Posted on • Originally published at takeonrules.com on

Keeping the Stakes Low while Breaking Production

Using Existing Tooling to Make Changes Reversible

I deployed a major change to the production servers of DEV.to.
You can read more about that change at Feature update: Feed - DEV Community.

Adjusting the feed is a big deal. It’s the front door of DEV.to.

Preparing for Change

We wanted to gather information about the impact of changing the front door. At Forem we use the Field Test gem. This allows us to run different experiments. I configured Field Test to assign 20% of the folks to the new strategy and 80% of the folks to the prior strategy.

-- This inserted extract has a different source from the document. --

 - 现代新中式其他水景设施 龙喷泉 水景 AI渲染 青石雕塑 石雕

To insulate from upstream libraries, we often wrap those libraries in our own implementations. This helps with the principle of least exposure; rely on the narrowest interface possible. I wrote the AbExperiment class to be the wrapper around Field Test. With the wrapper, I allowed for the system to set an ENV variable and thus force all requests to use the same experiment. This helped with running local tests.

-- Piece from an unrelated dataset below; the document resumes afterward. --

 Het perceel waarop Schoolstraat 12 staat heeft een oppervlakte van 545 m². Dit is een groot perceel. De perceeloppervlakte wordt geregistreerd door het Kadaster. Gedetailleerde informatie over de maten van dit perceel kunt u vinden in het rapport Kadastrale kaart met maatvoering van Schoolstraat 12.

In addition, with that change, I created a means for our Site Reliability Engineers (SREs) to disable, with an application restart, the changes that I made. They would just need to add an ENV variable.

The next step came about when I learned more about our use of Flipper; a Ruby gem for dynamically toggling on and off features. I didn’t know when the feature would roll out, but I wanted control over the feature. I also wanted admins of other Forems to have control as well. This was trivial with Flipper. Once I deployed the code, Forem’s got the original behavior unless they turned “flipped” on the feature.

Enter the Bug

I flipped the feature on in the mid-morning, and things looked fine until someone reported a broken feed. They had no articles in their Relevant feed. I checked the SQL query and things appeared to work. I also checked the database, and saw that I was in the same experiment segment. Things worked for me…until they didn’t. As in things worked, and then after poking around a bit they failed.

Now with confirmation, I pinged our SREs to toggle off the feature. It takes a minute or so for the feature toggle to propogate. This meant we didn’t have to rush out a hot fix. Which, if you’ve ever done one of those, you know that it’s rather even odds that you first make things worse.

With the immediate problem contained, we moved into figuring out the problem. Me and a few SREs started debugging. They have access to the Rails console, and we reconstructed the situation.

And in a few minutes, we found the problem. I spent the next hour writing a new pull request to fix the problem. , I haven’t merged that pull request.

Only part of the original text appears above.